Nothing shaped my idea of what it means to be rich more than the movie Blank Check (which came out this month in 1994). This is the very plausible movie where a child, Preston Waters, receives a blank check from a felon and cashes it in for a million dollars. The movie is a celebration of gluttony, similar to The Wolf of Wall Street, but minus the chemical dependency. In fact, you could make a compelling argument that DiCaprio’s Jordan Belfort is who Preston Waters grew up to be. Preston, a.k.a. “Macintosh,” blows one million dollars in six days like an absolute materialistic madman. But he makes it look so fun that I can’t help it if I still daydream about his charmed life, even as a 28-year-old grown-ass woman. Here’s everything Preston is able to buy that I covet:
A suburban castle.
This is not just any castle. This is an Indiana suburban castle that Preston happens to live down the street from. Owning a suburban castle gives you the best of both worlds. You have the drama of existing inside a Meatloaf music video combined with the comfort of living on a quiet, tree-lined street. You can brood inside or you can go out for a stroll to clear your head. And at Halloween, you can scare the crap out of the neighborhood kids when they come sniffing around for candy.

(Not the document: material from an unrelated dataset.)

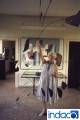 Peggy Guggenheim nella sala d'ingresso di Palazzo Venier dei Leoni, tiene tra le dita Arco di petali di Calder (1941). Sul tavolo alle sue spalle è posata la scultura di Giacometti, Modello per una piazza (1931-32), alla parete è appeso il dipinto di Hélion, Composizione (Composition) (1935). Sullo sfondo si riconosce la scultura di Pevsner Superficie sviluppabile (1938-39). Venezia, 1975
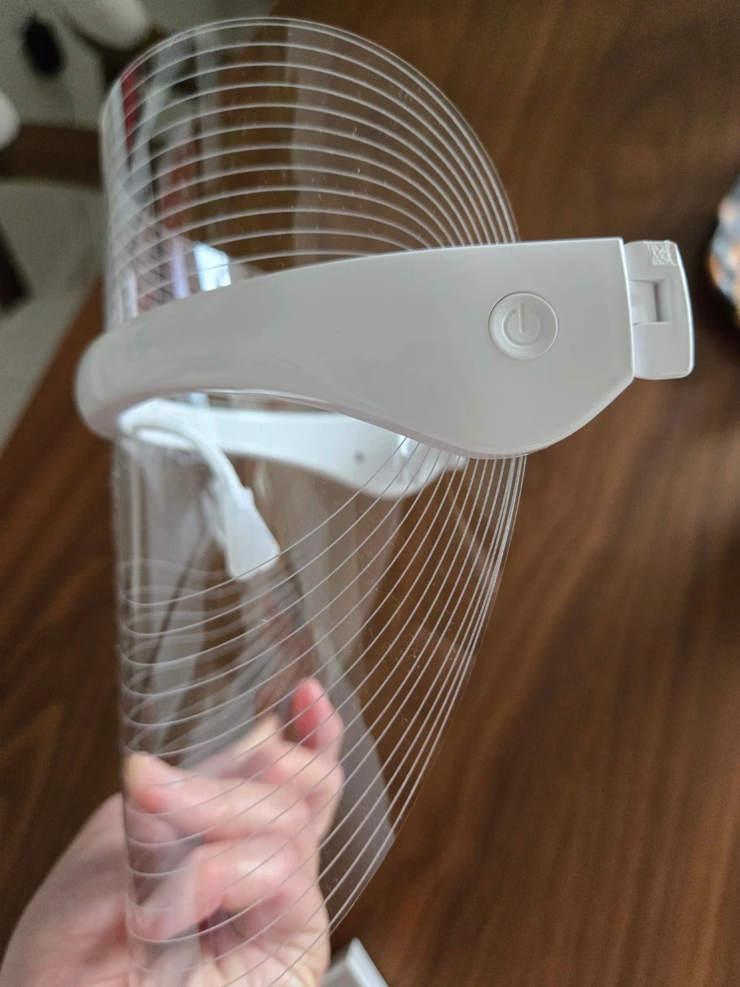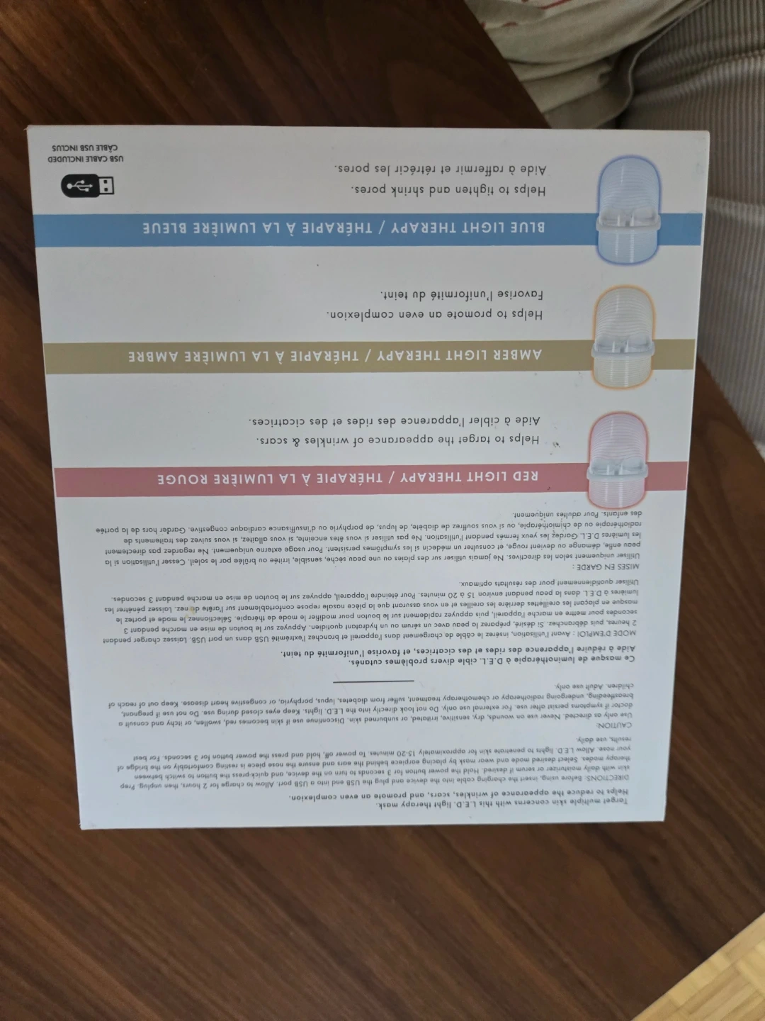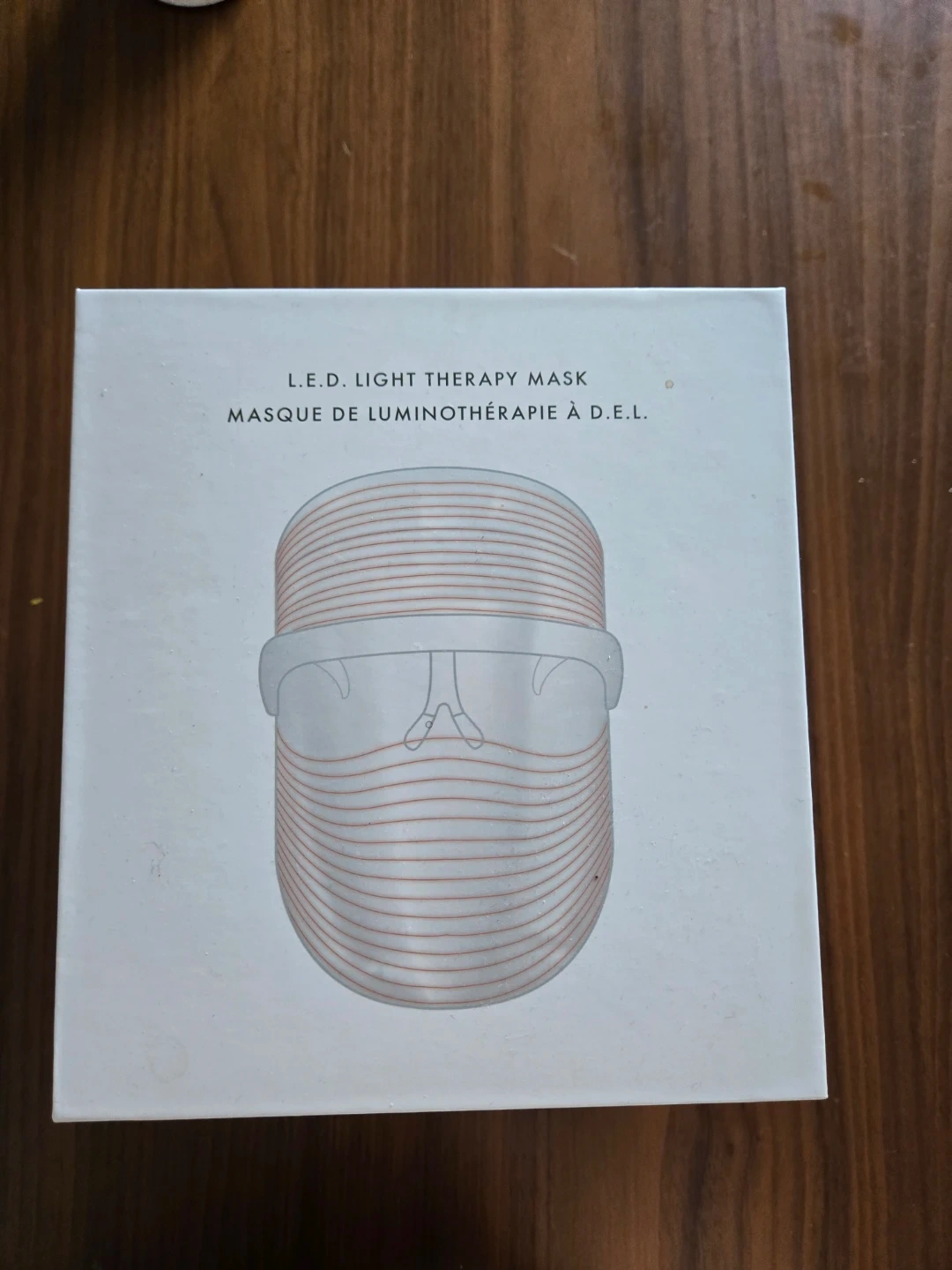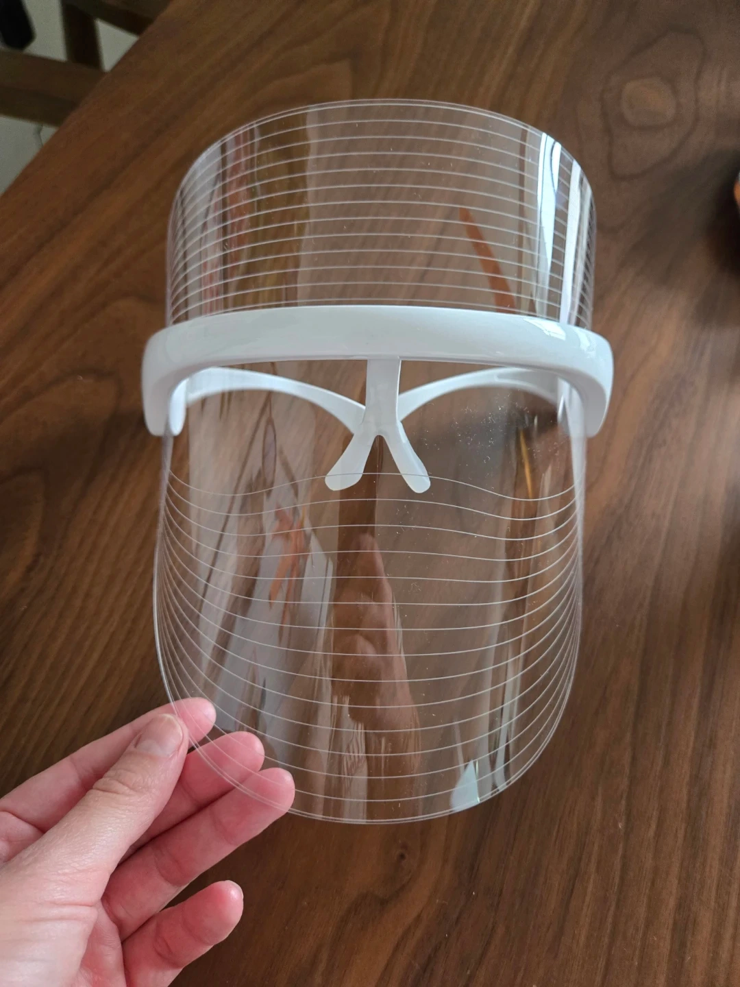 This LED Light Therapy Mask uses blue, orange, and red light. It comes with a protective case and charger. It's a great tool for skin treatments! Never used, purchased at Indigo.

The ability to rollerblade through a department store.
In one particularly jerk-ish move, Preston and his limo driver rollerblade through a department store while a team of sales people chase after them. But they’re not chasing after them in anger—they are simply trailing behind to catch whatever items Preston wants to purchase. It’s unclear if the rollerblades were from another store or if he’s really pushing his luck on the “try before you buy” policy. Either way, how little he cares is enviable.
Buckets filled with ice cream.
We all saw Macaulay Culkin eat a disgustingly large ice cream sundae in Home Alone and were super jealous. But in Blank Check, Preston takes it an excessive step further, by exclusively eating ice cream from buckets. Like the kind you’d find at a construction site filled with cement or rubble. He’s literally eating his weight in ice cream. From the back of a limo. Like a boss.
An improbable romance.
Blank Check taught me that having money means you can get anyone to fall in love with you. Preston and FBI agent Shay Stanley engage in a wildly inappropriate relationship that would just never happen if you were poor (and, let’s be clear, should never happen ever, either way). Despite the fact that Preston is 12 and Shea is, what, 25? 30? They go on an incredibly romantic date where they get soaking wet dancing together in the middle of synchronized courtyard fountains. Then she lingers waaay too long in the limo at the end of the date, and ends the movie by giving Preston an actual kiss on the lips.
A private sumo wrestling ring.
This is the kind of inflatable entertainment my high school used for our all-night graduation party. It was fun, but I had to share it with my entire graduating class. If I had my own private sumo wrestling setup like Preston, I would spar with friends regularly. I could let out my aggression in a healthy way and would probably be a much more centered person.
A house-to-pool slide.
This is what everyone remembers about this movie. Preston uses some of his riches to install a water slide that attaches from his castle to the pool. This is obviously clutch in terms of efficiency, but it’s also a great getaway. Should any angry henchman show up unexpectedly you could slide away and then paddle to safety.
The attention of Tone Loc.
I don’t know what Tone Loc is up to these days, but in the ‘90s he was the edgy Sinbad that everyone wanted as their villain. If Tone Loc were in hot pursuit of me that would mean I was in demand and worthy of his bumbling kidnap attempts. (He was also majorly catcalling women extras in this movie. If he were following me I’d be able to stop him and we could have a dialogue about street harassment.)
An over-the-top birthday party soiree.
Blank Check culminates in an epic birthday party thrown for Preston’s made-up boss, Macintosh. The cartoonish party planner hands Preston a bill for $100,000, so you know the food on the buffet was top notch. But mostly, I like the idea of having a party with industrial-sized spotlights (if you’ve never seen this movie but have seen Don’t Tell Mom the Babysitter’s Dead, this set is almost identical to the fashion show party). I just love the glamour and cinematic vibe of spotlights.
The level of excess in Blank Check is astounding, but it is also what dreams are made of. Whenever I start to think that money can’t buy happiness, I remember the smile on Preston’s face directing a Chips Ahoy truck to unload a truck’s worth of cookies to his front door. It doesn’t get much better than that.